The well-traveled Ben Carter, of Carter Pottery, surprises and delights wherever he goes. His bachelor’s degree in ceramics and painting was earned at Appalachian State University and was followed by a master’s degree in ceramics from the University of Florida. Since then, his education has taken him around the world, presenting his techniques in workshops in Denmark, China, Australia, and New Zealand. Carter is also the author of Mastering the Potter’s Wheel, which is regarded as a textbook on advanced techniques and complex forms. His pottery has a strong individual style, and we love its light and airy appearance. Carter says his aesthetics have always tended toward the feminine, as he was raised in the Deep South where women played an important role in the home and where his grandmother’s gracious hospitality would have greeted any visitor. We love the elegant simplicity of Carter’s pottery and can imagine a table artfully set with each delightful vessel.

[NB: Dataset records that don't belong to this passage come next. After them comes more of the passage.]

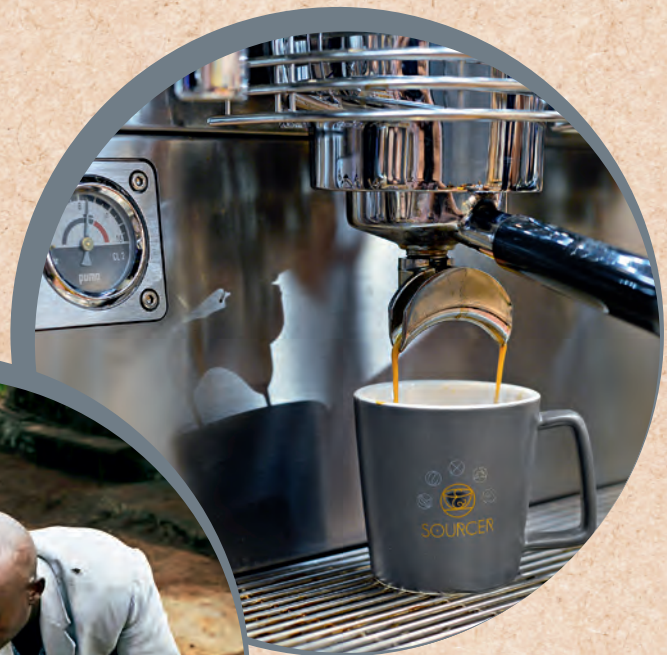
Einzigartig im Geschmack
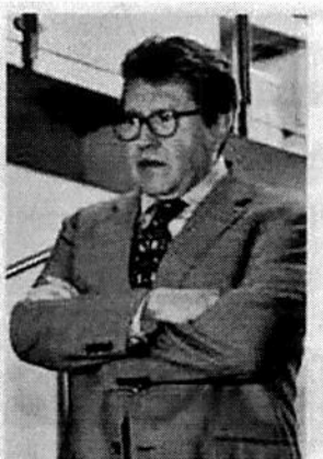
■ Ricardo Monreal anunció la subasta de 170 vehículos.

Adicionalmente, el zacatecano adelantó que en los próximos días subastarán 170 vehículos que estaban a disposición de funcionarios y legisladores a fin de disminuir gastos en gasolina, mantenimiento y seguros.
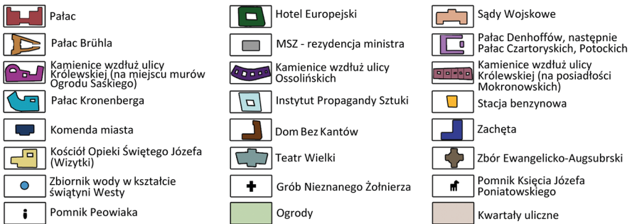
Ryc. 8. Plac Marszałka Józefa Piłsudskiego i jego otoczenie w 1939 r.
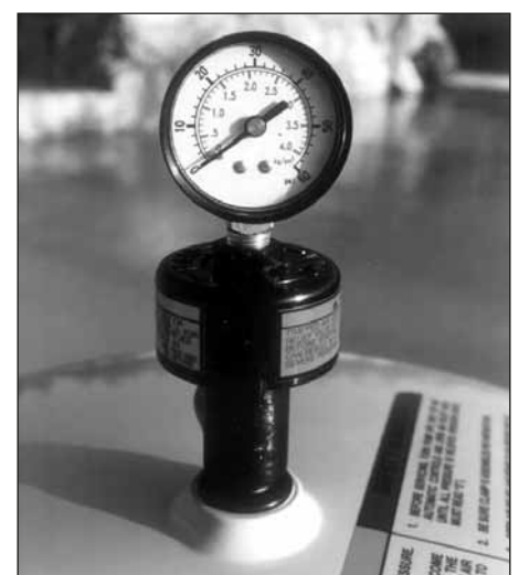
Manomètre de contrôle de l'encrassement
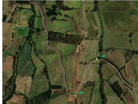
UBICACIÓN EN IMAGEN O FOTOGRAFÍA DEL VERTICE
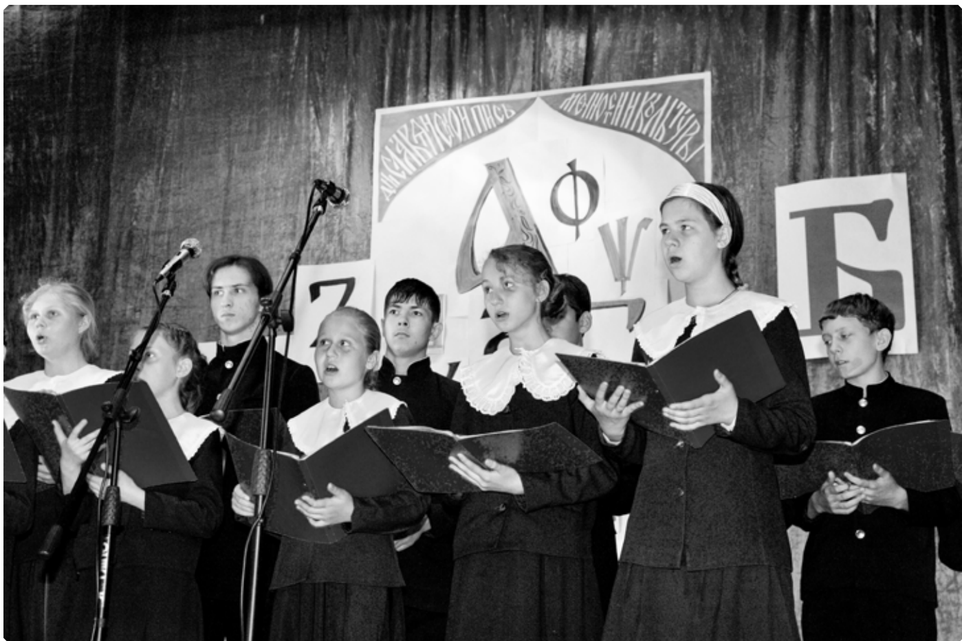
День славянской письменности и культуры в стенах Бийской православной гимназии. 24 мая 2009 г.

затворились церковные двери, настала тишина и только отзвуки радостного Рождественского тропаря, как-будто бились еще, трепетали и тихо замирали в высоком куполе храма, да из-за двери доносились неясные звуки читаемых молитв и возглашений. Вот, наконец, торжественно и стройно прозвучали слова священного псалма: «возьмите врата князи ваша», вспыхнули и вдруг загорелись свечи в золоченных люстрах, сверкая бриллиантами в хрустальных подвесках; народ замер в трепетном и благоговейном ожидании; раскрылись двери, процессия снова показалась и стройно проследовала в святой алтарь; провожаемая множеством умиленных, восторженных взоров.
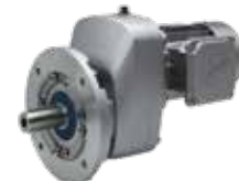
Carcaça com flange B5, motor integrado
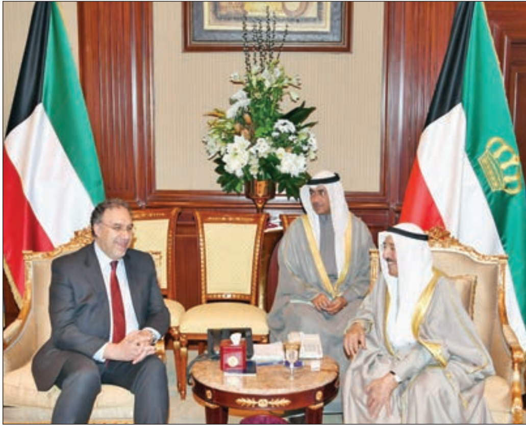
• ... ولدى استقباله وزير الكهرباء العراقي لؤي الخطيب
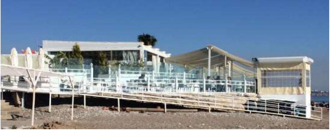
Resim 4: 2017 yazı için yapılan “geçici” plaj ünitelerinden birisi. %100’ün üzerinde büyüme.

*Yarışma şartnamesinde yer almayan Boğaçayı Projesi ile yarışma alanı ikiye bölünmüştür. Taslaktan da anlaşıldığı gibi proje fiilen Boğaçayı’nın doğusunda sonlandırılmaktadır.
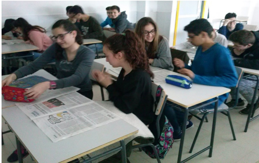
La imagen representa, el socializar con compañeros.

Dando respuesta a las preguntas, para los jóvenes universitarios el regresar a clases significa: que el 90% les gusta socializar con sus compañeros, maestros y comunidad estudiantil.
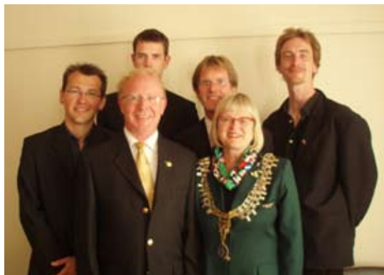
Distriktsguvernør besøker innkommende team fra D 1530 i Ulefoss RK

Vi tok imot det franske teamet nesten to måneder senere og møtte fem personer med store forventninger til uker som gjester i Distriktet. Det var klubbene Re, Sem, Ulefoss, Grøm og Kristiansand Vest som skulle være vertskap i litt under en uke hver. De var alle godt forberedt og gjennomførte besøket på en god måte. Tilbakemeldingene fra Frankrike har bare vært av de beste.
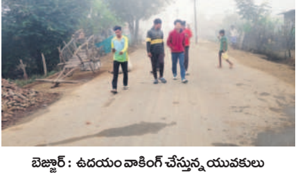
బెజ్జూర్ : ఉదయం వాకింగ్ చేస్తున్న యువకులు
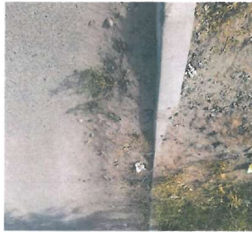
En esta fotografía se muestra la guarnición tipo "L"

Se continuo con la verificación física a la obra "Pavimentación con carpeta asfáltica de Calle Bizani entre Avenidas "J" y "M" en la Localidad de Caborca, Municipio de Caborca, Sonora."
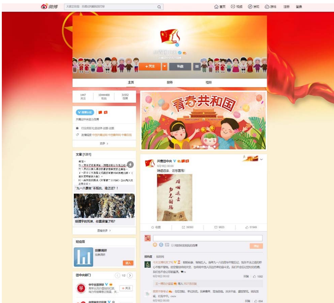
Рис. 2. Сообщество Коммунистического союза молодежи Китая [10]

Действия политического режима понятны, он старается контролировать политическую повестку и опасается использования сетевых сообществ радикальной политической оппозицией. Важно подчеркнуть, что сетевой цензурой занимается любой режим, вопрос заключается только в выявлении ее специфики, зависящей от целей и задач власти.
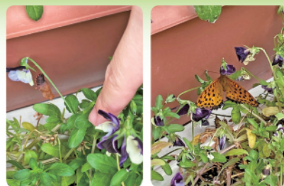
ツマグロヒョウモンの蛹がかえって蝶になりました！
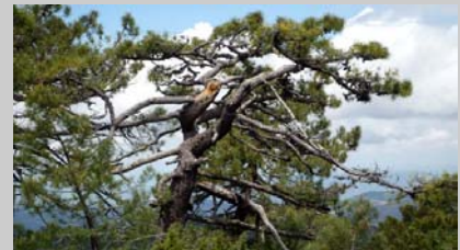
Pino castigado por los vientos en Laguna de Carrales
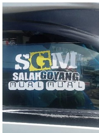
Gambar 4. SGM: Salah Goyang Mual-Mual

Pada gambar 4 menggunakan singkatan dari salah satu produk susu untuk anak-anak yakni SGM. Singkatan tersebut dikreasikan menjadi bentuk peringatan atau sindiran kepada
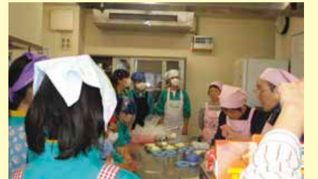
松浜中学校でパッククッキング講座
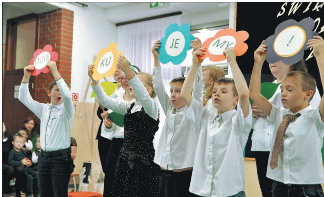
O oprawę artystyczną w trakcie uroczystej akademii zadbał uczniowie PZSiPS

Święto szkoły to wyjątkowe wydarzenie dla społeczności Powiatowego Zespołu Szkół i Placówek Specjalnych w Legionowie. Z tej okazji 12 października br. zorganizowano uroczystą akademię z udziałem uczniów, nauczycieli i zaproszonych gości.
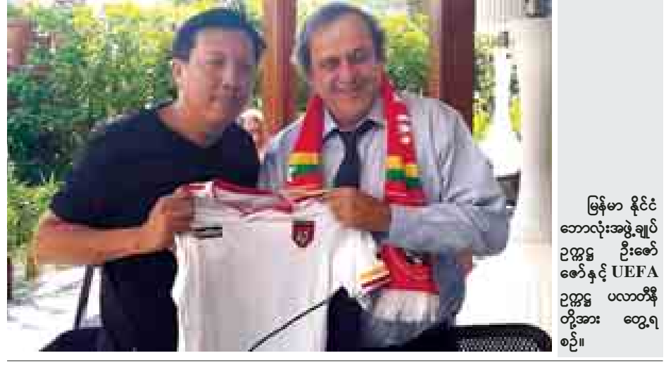
မြန်မာ နိုင်ငံ ဘောလုံးအဖွဲ့ချုပ် ဥက္ကဋ္ဌ ဦးဇော်ဇော်နှင့် UEFA ဥက္ကဋ္ဌ ပလာတီနိုတို့အား တွေ့ဆုံစဉ်။

ကိစ္စရပ်များ၊ မြန်မာဘောလုံးတိုးတက်ရေးအတွက် ဆွေးနွေးခဲ့ကြပြီး ယူ - ၂၀ ကမ္ဘာ့ဖလားဝင်ခွင့်ရရှိထားသည့် မြန်မာယူ-၁၉ အသင်းအား ဥရောပနိုင်ငံများ၌ လေ့ကျင့်ပြီး ခြေစမ်းပွဲများ ကစားရန်အတွက်လည်းဆွေးနွေးခဲ့ကြသည်။ ပလာတီနိုက မြန်မာယူ-၁၉အသင်း ကမ္ဘာ့ဖလား ဝင်ခွင့်ရရှိမှုအပေါ် ချီးကျူးဂုဏ်ပြုခဲ့ပြီး ဥရောပကလပ်များနှင့် ခြေစမ်းပွဲများ ကစားခွင့်ရရှိရန် ကူညီဆောင်ရွက်ပေးမည်ဖြစ်ကြောင်း ပြောသည်။ ဖိုးသော်ဇော်
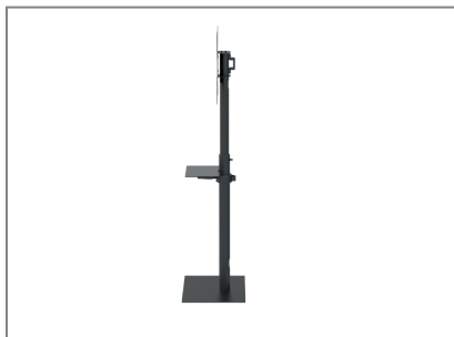
asymmetrische Bodenplatte erlaubt eine Positionierung nah an der Wand
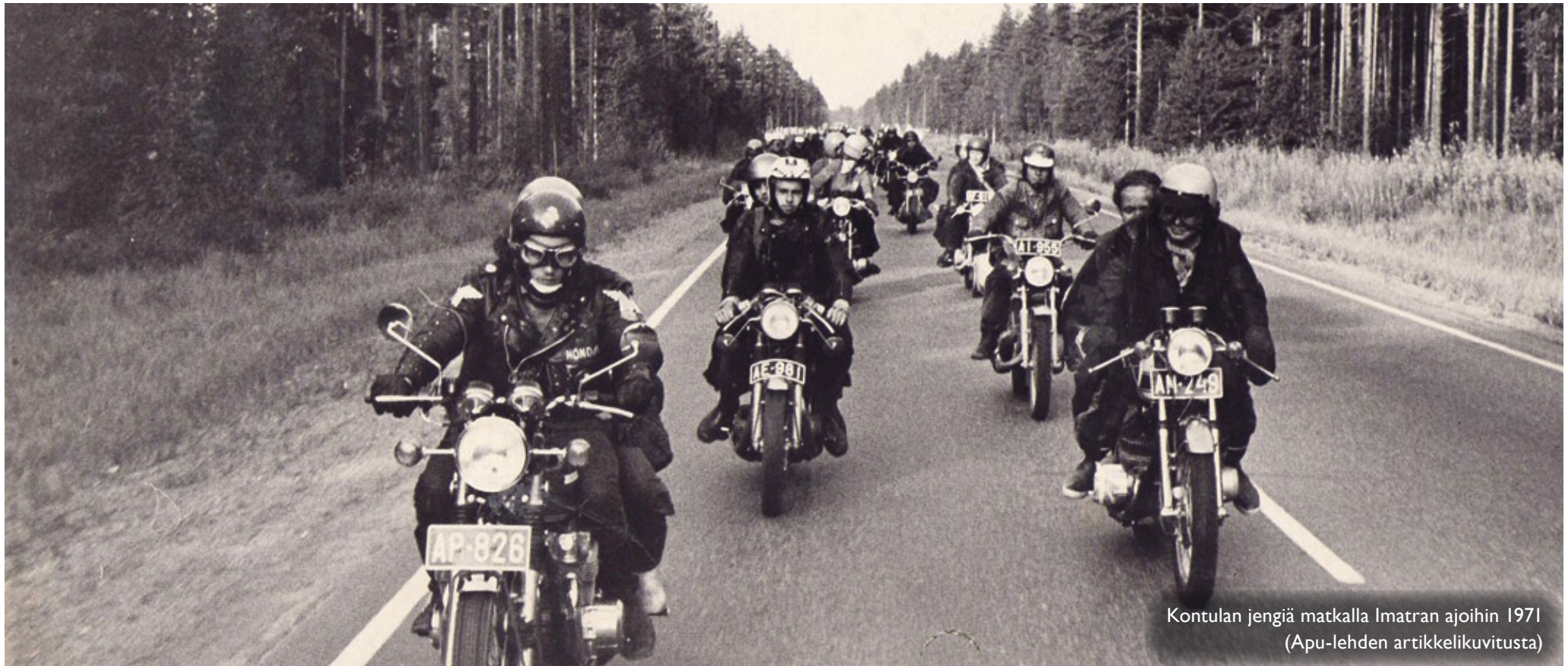
Kontulan jengiä matkalla Imatran ajoihin 1971 (Apu-lehden artikkelikuvitusta)

Keväällä 1973 aloitettiin kunnostustyöt navetalla yhteistyössä kaupungin kanssa ja 12.6.1973 pidettiin avajaiset. Uusi kerhotalo avattiin juhlallisesti nimellä ”Motorppa”, paikalla oli kymmenien motoristien lisäksi kaupungin johtoa, Nuorisoasiainkeskus, nuorisopoliisi ja moottoripyöräpoliiseja. Pelko Helvetin enkeleistä, aseista, huumekaupasta, seksiorgioista ja Sasekan perikadosta osoittautui aiheettomaksi ainakin tässä tapauksessa.

Thicket Jar: $95; 7 x 6 x 6 inches | Vine Jug: $120; 11 x 6.5 x 6.5 inches | Garden Teapot: $200; 8 x 6 x 5.75 inches | Garden Pitcher: $180; 11 x 7.5 x 6 inches |

Decoupage Plates by John Derian

Since 1989, John Derian has been making decoupage plates by hand in his East Village studio in New York City. With an obsession for 18th- and 19th-century prints, Derian employs a small staff of artisans to create plates, trays, bowls, and other home items adorned with vintage prints. The full range of his work, including his ceramic and furniture collaborations, is available at his retail shops, not far from his studio, where he has an everchanging assortment of vintage and antique imports, bed and table linens, stationery, lighting, and original works by other artists. We love not only the imagery but also the blues of the swallow on his Un Vide Poche, a 6-inch square serving plate. For outdoor dining, the Melamine Faience a la Corne is a 8.25-inch plate that makes an artful statement. Coveted and collected around the world, the art of decoupage is rediscovered in Derian’s work.